第34話 エピローグ

「──ただいまー!」

「……」


 最近、思っていることがある。


「あ、もう遥斗君ってば。また洗い物溜め込んで。本当に私がいないと駄目なんだからなー」

「……」


 ここ数日、具体的に言うとアバンドギャルドのライブに行った日以降、千秋さんのウザさというのが跳ね上がった気がする。


「あと洋服。着古したシャツの着心地が良いのは分かるけど、流石に襟首ダルダルになってるのはだらしないよ。ということで、これは私が貰っておくね」

「……」


 訂正。気がするじゃない。明らかにウザく、それでいて図々しくなっている。もはや古着の回収すら堂々とのたまうようになっている辺り、悪化具合は明らかだろう。

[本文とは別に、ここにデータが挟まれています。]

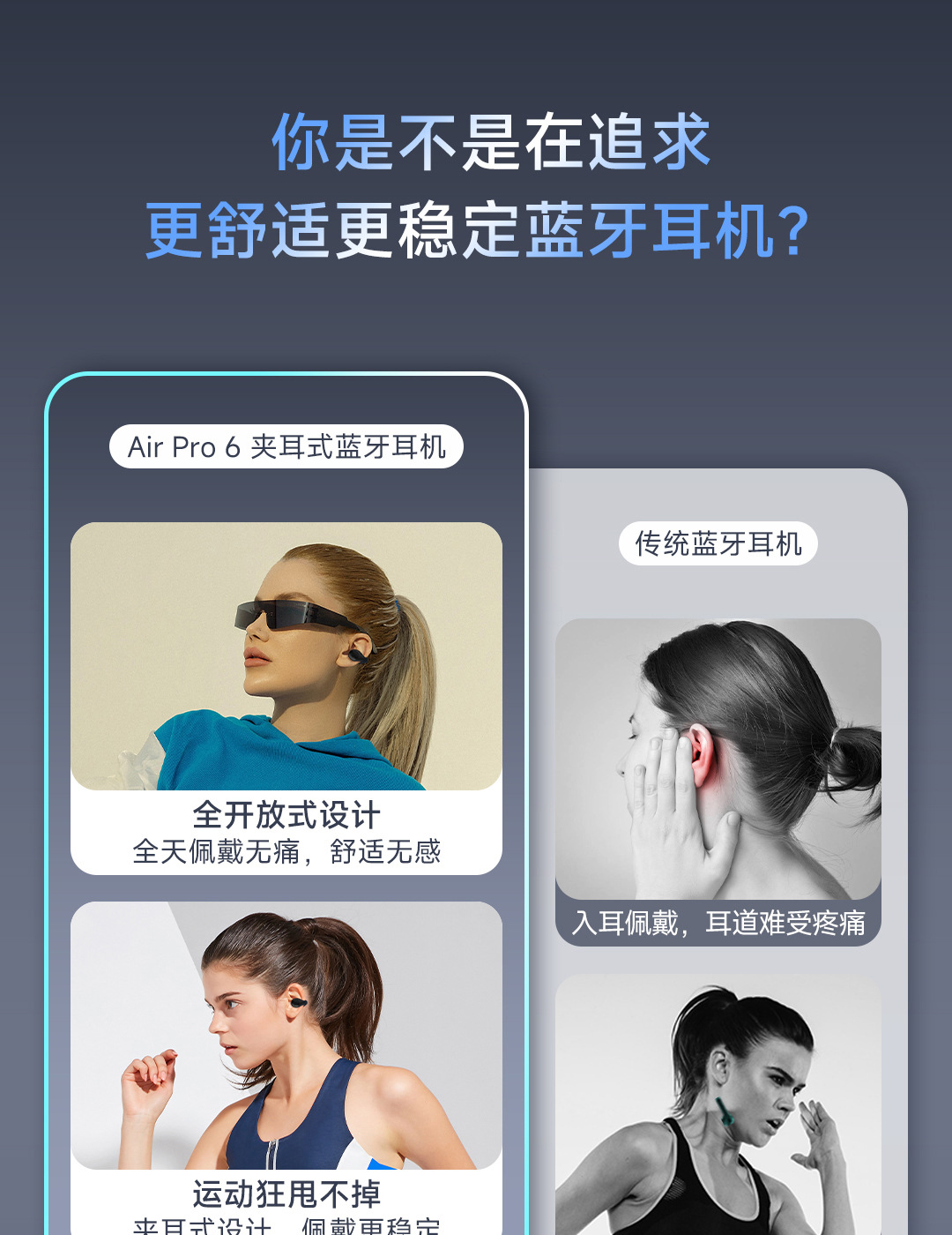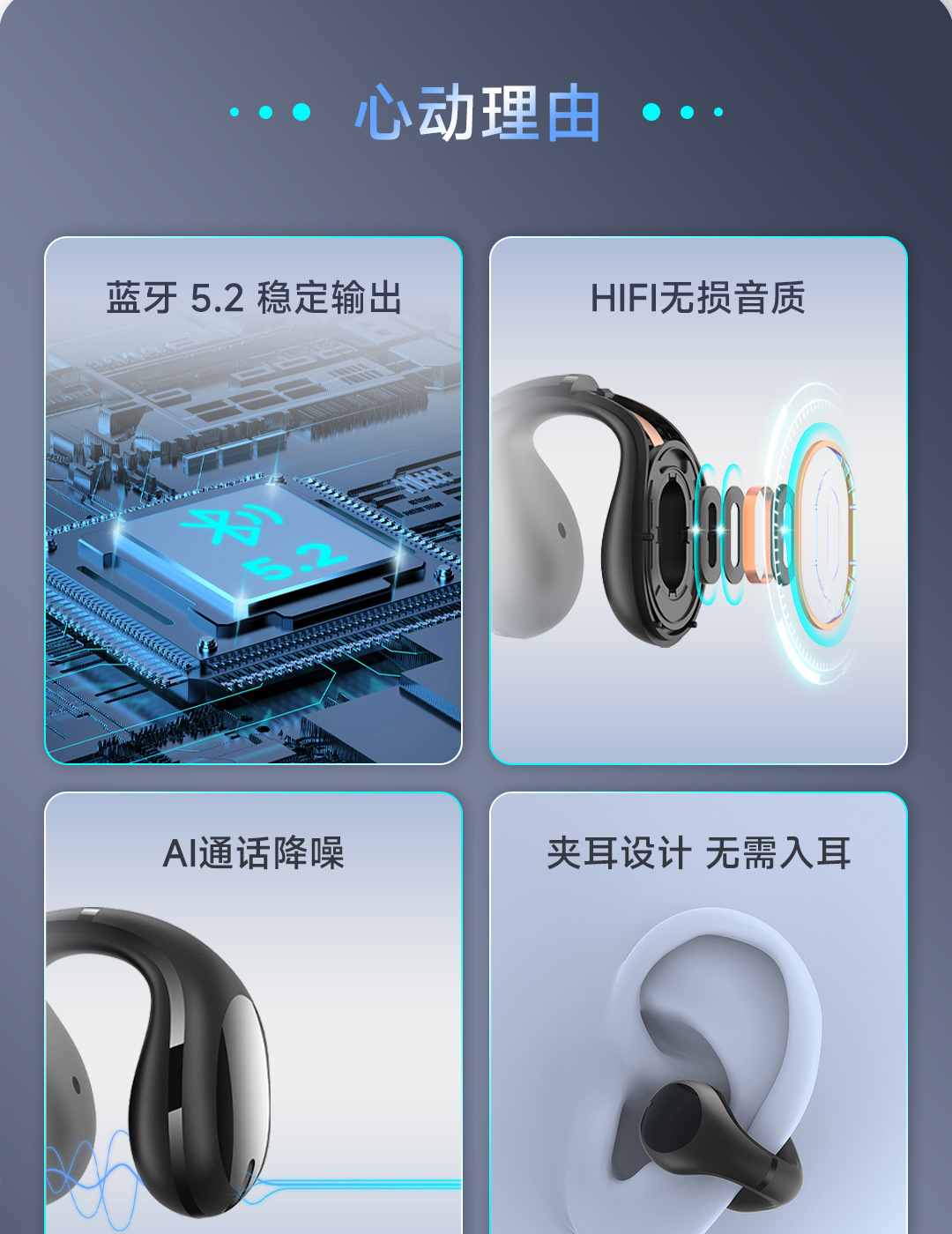 국경 간 새로운 헤드셋 블루투스 진정한 무선 블루투스 헤드셋은 귀에 들어 가지 않습니다 긴 내구성 개인 모델 소음 감소 귀 클립 유형
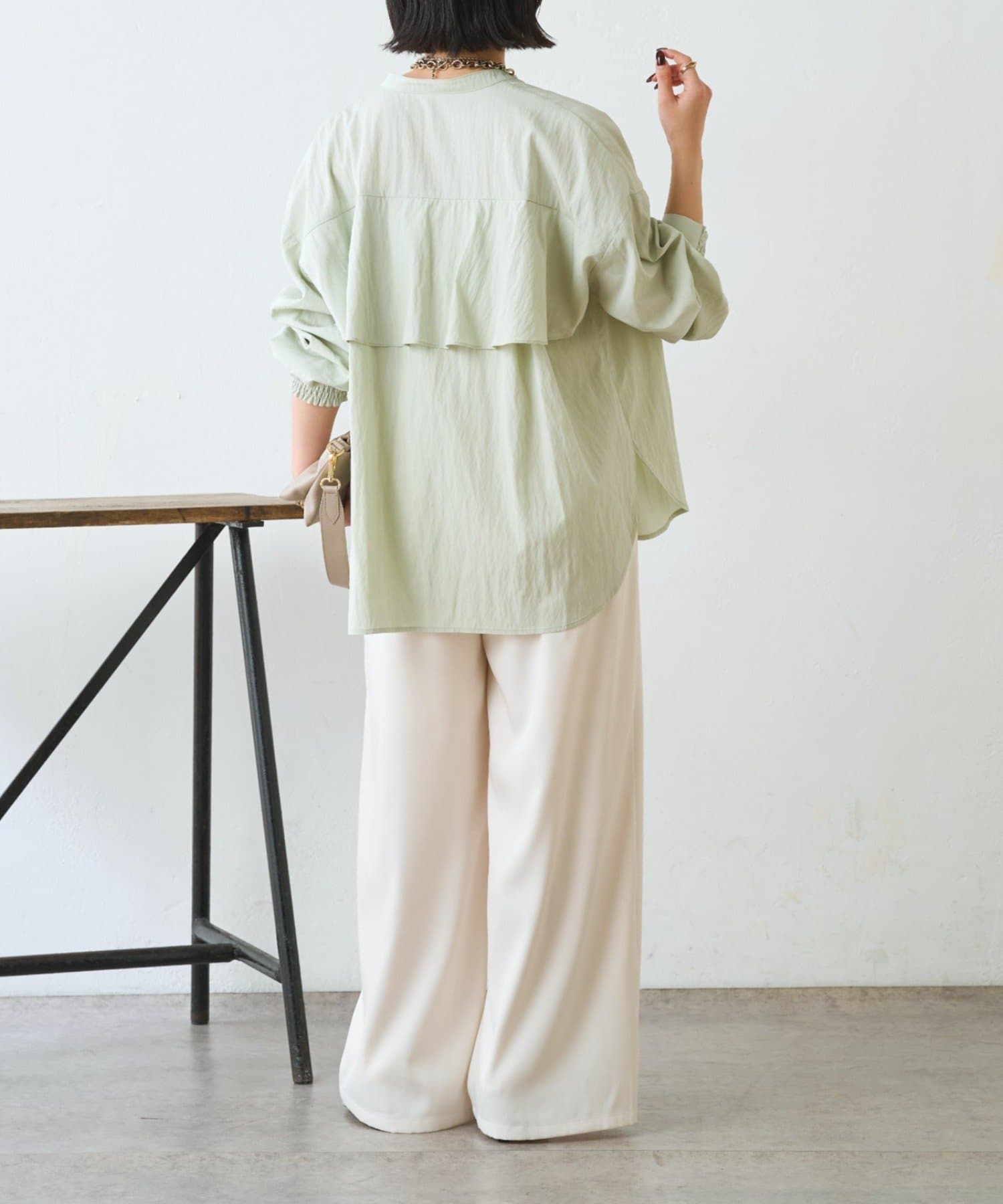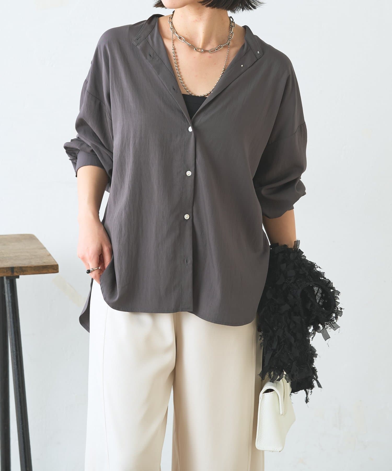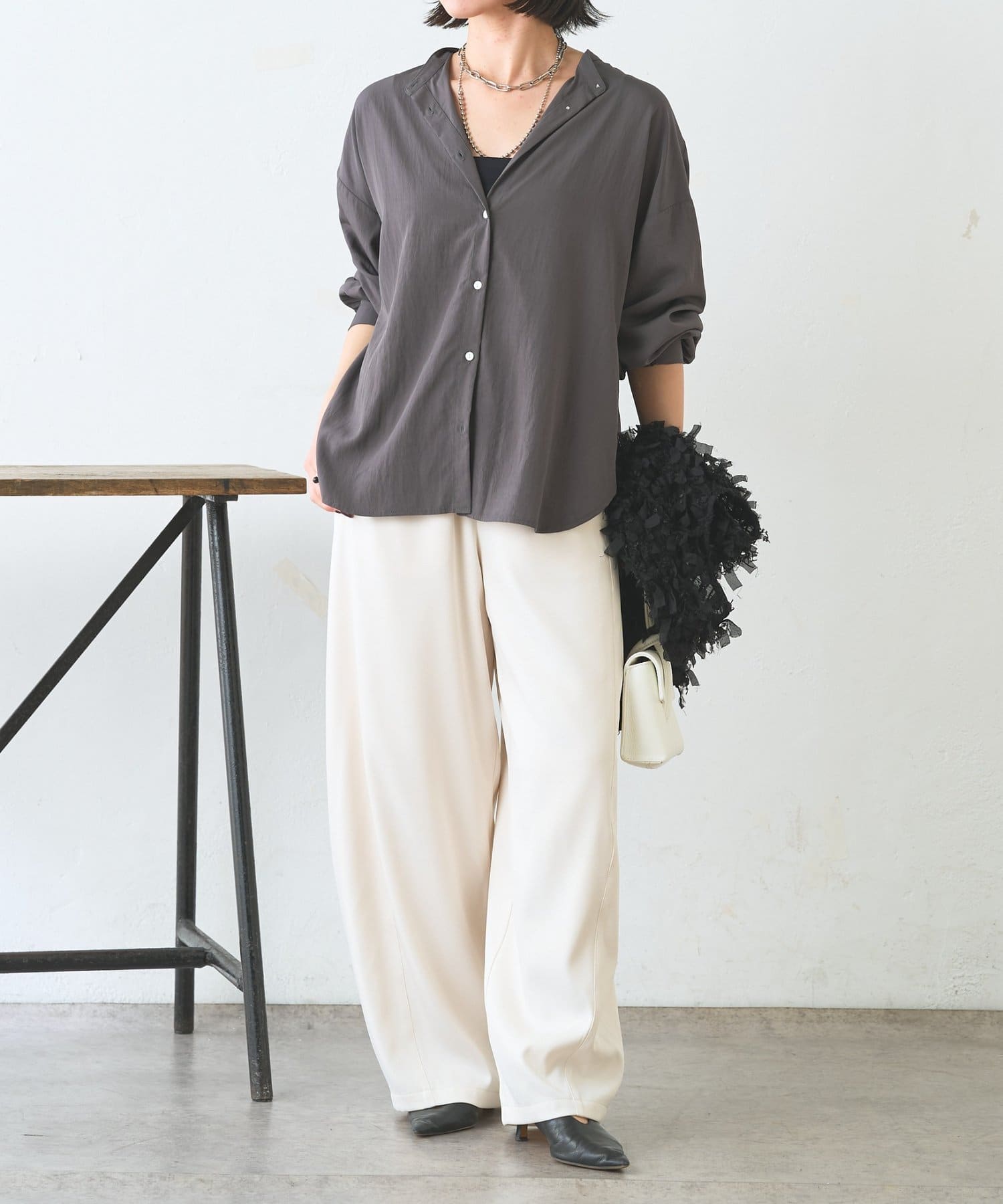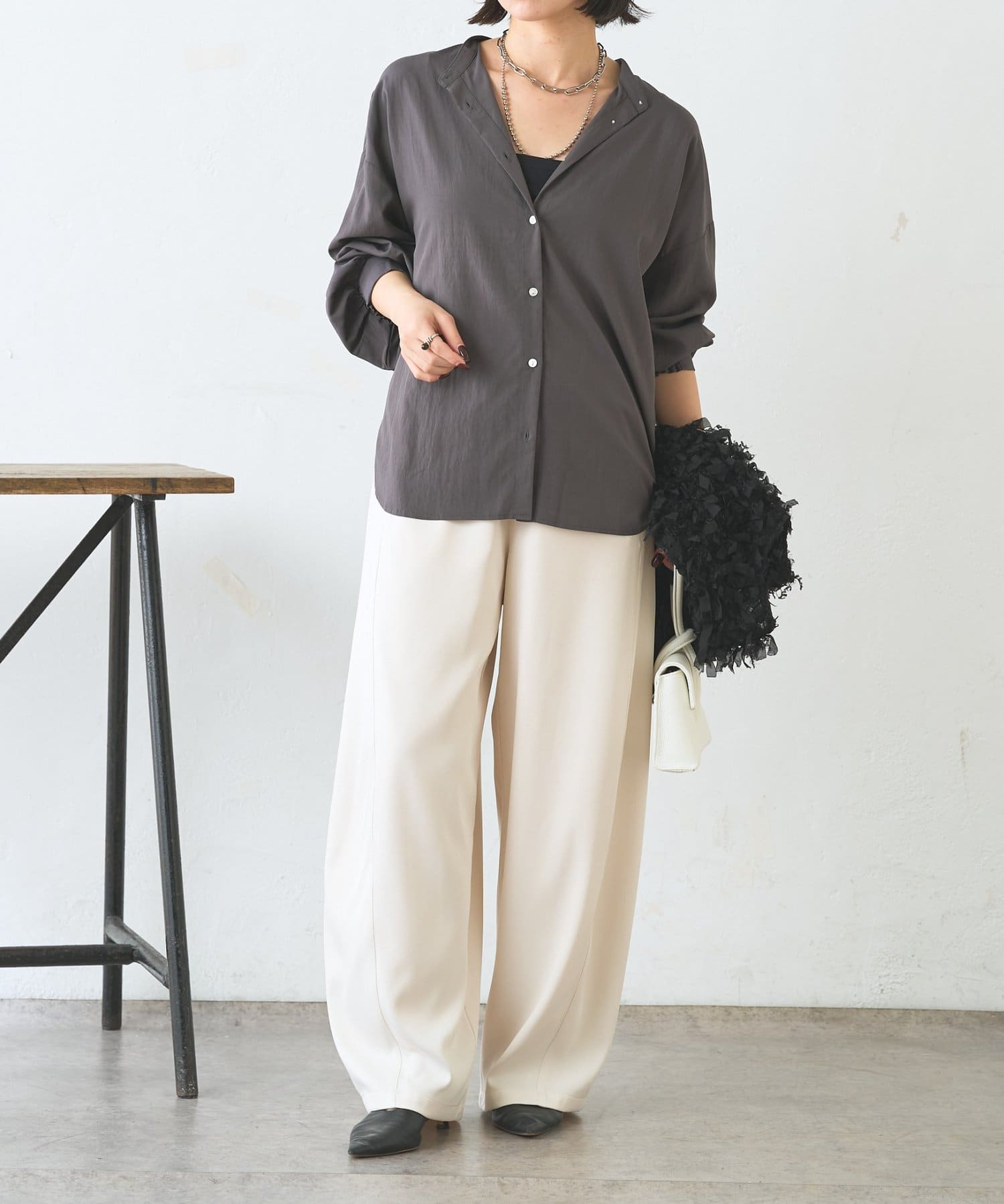 ・程よくとろみのある素材なので、一枚で着映えするアイテムです。

「で、代わりのシャツがコレね。新しいやつ、憶えた? 前のと違ってちょっと派手だけど、絶対に遥斗君に似合うと思うんだ。だからプレゼント。ちゃんと他の服に合いそうなやつを選んだから、着てくれると嬉しいな」

「……」


 こういうのを、なんというのだろう? 彼女面と言ってしまって良いのだろうか? まあ確実に言えることは、千秋さんが調子に乗っているということである。


「はぁ……」


 理由は分かっている。先日のライブの日、その帰りで起こったアレだ。

 無意識にやらかしてしまった過ち。不覚なことに、本当に不覚なことに、俺の中での千秋さんに対する認識……いや好感度の上昇がバレた一件。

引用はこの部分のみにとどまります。